▸ Work instructions:
Reproduce each line of the following material exactly, omitting the images.

▸ Supplied information:
───

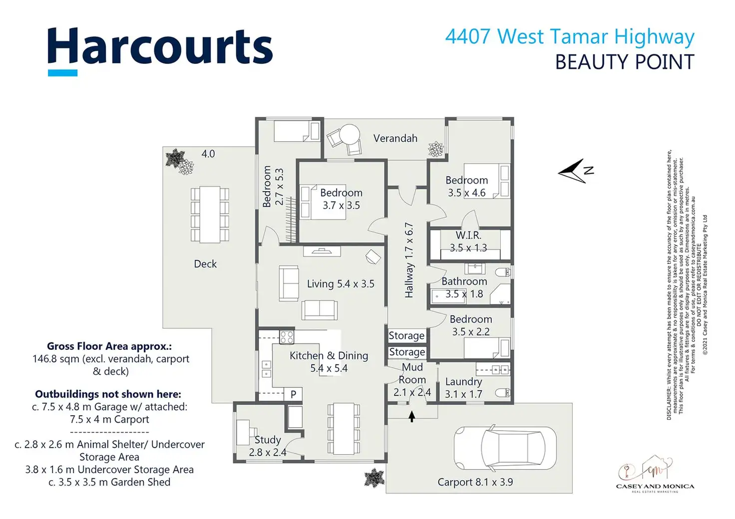 The home, set well back from the road, sits on 1.125 hectares (approx. 2.81 acres) of gently sloping land. The grounds offer plenty of room for an animal or two with a good size shelter in the front paddock, there is a garden shed, a garage (approximately 7.5m x 4.8m) with an attached carport (approximately 7.5m x 4m) and another carport which adjoins the home (great for getting in and out of the car on a rainy day, approximately 8.1m x 3.9m). The large deck provides a lovely entertaining area with the front verandah having internal access and being a peaceful place to relax, perhaps with a good book and a glass of one of Tassie's fine wines.
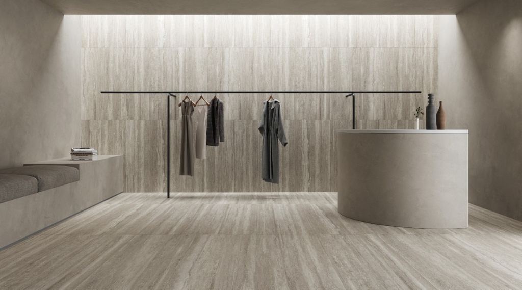 Gạch giả đá travertine màu kem nhạt 600×1200 612LUTV1
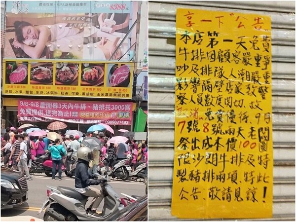 牛排店老板發(fā)公告無奈撤回“免費(fèi)牛排”活動(dòng)。(圖片來源:臺(tái)灣“東森新聞云”)

───

▸ Exercise output:
 The home, set well back from the road, sits on 1.125 hectares (approx. 2.81 acres) of gently sloping land. The grounds offer plenty of room for an animal or two with a good size shelter in the front paddock, there is a garden shed, a garage (approximately 7.5m x 4.8m) with an attached carport (approximately 7.5m x 4m) and another carport which adjoins the home (great for getting in and out of the car on a rainy day, approximately 8.1m x 3.9m). The large deck provides a lovely entertaining area with the front verandah having internal access and being a peaceful place to relax, perhaps with a good book and a glass of one of Tassie's fine wines.
 Gạch giả đá travertine màu kem nhạt 600×1200 612LUTV1
 牛排店老板發(fā)公告無奈撤回“免費(fèi)牛排”活動(dòng)。(圖片來源:臺(tái)灣“東森新聞云”)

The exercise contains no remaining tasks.